Omar wrote treatises on mathematics that still survive today. As part of a larger group of astronomer-mathematicians – a kind of Medieval ‘think-tank’ – he helped to throw off the Julio-Claudian calendar and replace it with a more accurate version that was only surpassed by the one which we use today. Sadly for him, his unorthodox views of religion leaked out and he was forced to move from city to city avoiding the hot water of the eternal Sunni/Shi’ite divide.

Omar had a habit of writing quatrains of verse during his classes, after setting the students an exercise to pore over. Often he threw these fragments away, after wrestling with the verse form; unknown to him, his faithful students would scavenge for these snippets and collect them into long scrolls of verses. These became smuggled documents, shared between like-minded devotees, and owning them could be a reason to face serious punishment. None of these collections was identical to another: some had dozens of verses; others had hundreds; some of these, almost assuredly, were not even written by Omar. One such collection made it as far away from Omar’s homeland as Kolkata in India, where it was purchased for the Bodleian Library in Oxford, recorded as the ‘Calcutta Manuscript’. This is the source of Edward FitzGerald’s translation.

How heretical was Omar? Well it’s a matter of degree and perspective. His views on religion were seen as racy by the Powers That Were and he definitely suffered for his faith. He wrote to an acquaintance Kwajah Nizami:

“My tomb shall be in a spot where the north wind may strow roses upon it”

This may seem innocuous enough but, in the hardline Shi’ite faith which prevailed at the time, only God has knowledge of the future and claiming access to such information spoke of, at worst, traffic with demonic forces or, at least, hubris. Either way, it was enough to set Omar on an exile’s path. Ironically (or not, depending), Omar Khayyam was buried in a grove of rose bushes.

Today he is commemorated as Iran’s greatest poet.

*****

*Dawn’s Left Hand refers to the time of day just before morning, traditionally the moment when a white thread and a black one can be visually differentiated. The Left Hand of Dawn is therefore a false dawn. FitzGerald noted the way in which Omar’s thoughts seem to follow the course of a single day: “He begins with Dawn, pretty sober and contemplative, then, as he thinks and drinks, grows savage, blasphemous, etc., and then sobers down into melancholy at nightfall.”

Tuesday 9 July 2013

Awake!

I.
 
"Awake! for Morning in the Bowl of Night
Has flung the Stone that puts the Stars to Flight:
And Lo! the Hunter of the East has caught
The Sultan's Turret in a Noose of Light."*

For many years now, I have been collecting copies of Edward FitzGerald's translation of Omar Khayyam's Rubaiyat. At this stage, I think it's time to let my collection do its own talking and have its own time in the sun. Hereafter I will show off the fruits of my labours along with some discussion of the various historical facts surrounding the poem, links to other works, some controversies and disasters that have dogged the work as well as some talk about the various illustrators and critics who have enjoyed wrestling with this hybrid beast.

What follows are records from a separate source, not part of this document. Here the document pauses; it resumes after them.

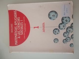 Libro matematicas aplicadas a las ciencias sociales Editorial anaya ISBN: 9788469609163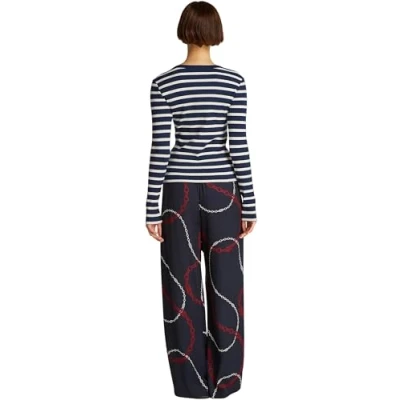 Tommy Hilfiger Women’s Slim Henley Long Sleeve Top with Button Placket, Multicolor (Dark Night Navy/Calico STP), S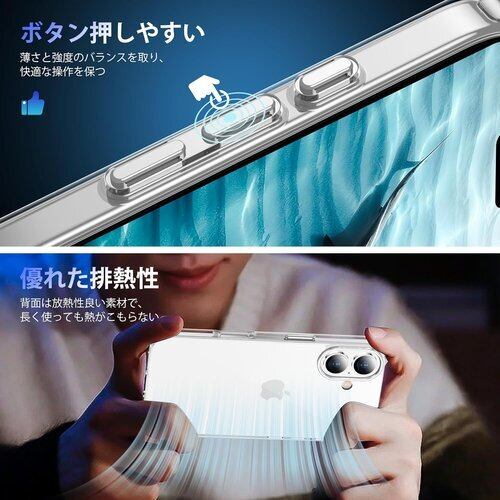 【絶妙バランス・快適操作】クリアケースの保護性能を保ちながら、スマートさを損なわないよう、薄さと強度のバランスを取り、手にフィットする程よい厚みで、快適さが保ち、最適な設計で作り出す。アイフォン17のボタンやレンズなどの細部に基づいて設計された専用スマホケースは、ぴったりとフィットしています。ボタン、カメラ位置も含めて寸法はバッチリでスマホケースをつけていないかのように快適に使用できます。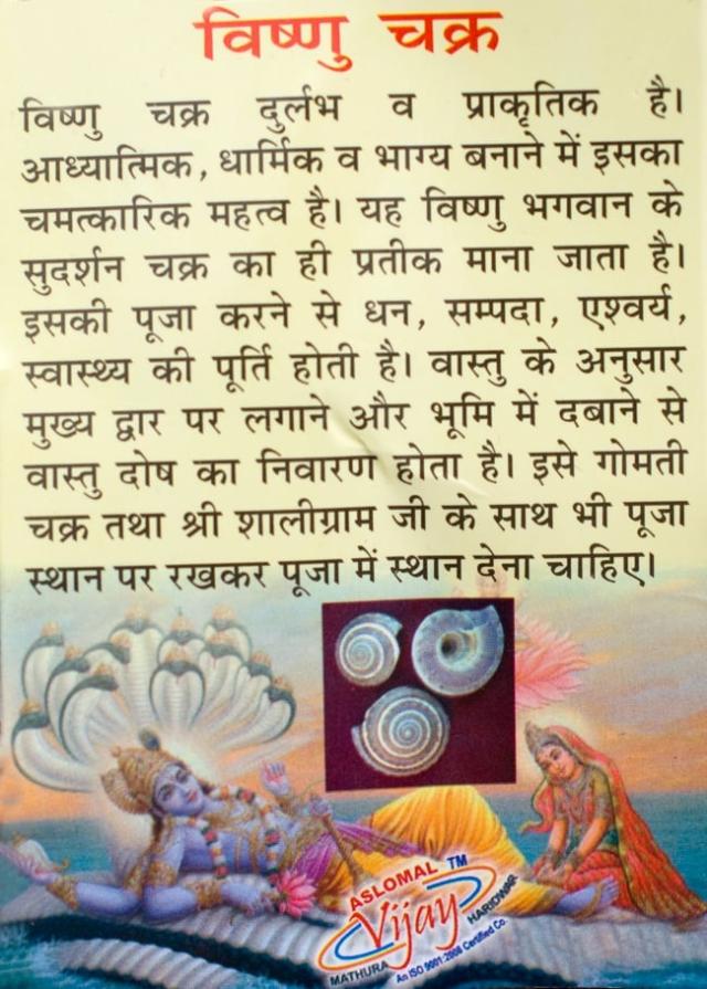 ヴィシュヌ神がいつも右上の手に持つ円盤のようなもの、最も重要な武器でありヴィシュヌ神のシンボルとも言える円盤(スダルサナチャクラ)。この非常に希少な天然貝は、そのスダルサナチャクラに形が似ている事から、ヴィシュヌチャクラと呼ばれ、持っていると幸運や富、心身の健康、繁栄などを招くとされています。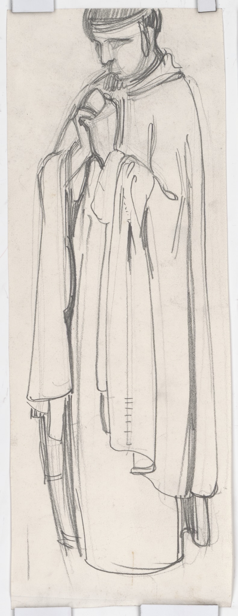 Plus de 70 projets peuvent être rattachés aux vitraux de Saint-Paul, et 51 aux trois vitraux des bas-côtés, mais l’ensemble n’est probablement pas complet. Pour le vitrail de sainte Cécile, il existe 17 oeuvres graphiques dont sept concernent la scène du milieu du vitrail (MP_01.04 ; MP_01.05 ; MP_01.06 ; MP_01.07 ; MP_01.08 ; MP_01.09 ; MP_01.10). La plupart d'entre elles, à l'instar de celle-ci, sont des esquisses dans lesquelles l'artiste établit les grandes lignes de sa composition, étudiant l’allure et la position de ses personnages, ici probablement l'un des spectateurs situés à droite de sainte Cécile (il ressemble également à la figure de Valérien dans la scène supérieure).

Simply put, I have had many years of enjoyment from this activity; now it's time to share. I hope you enjoy what my collection has to reveal. 


*****
*In the Persian world, the throwing of a stone into a bowl or cup, was the signal for a hunt to begin. In his subsequent re-workings of this stanza, FitzGerald altered and removed this image and it was far less successful (in my humble opinion, at least!).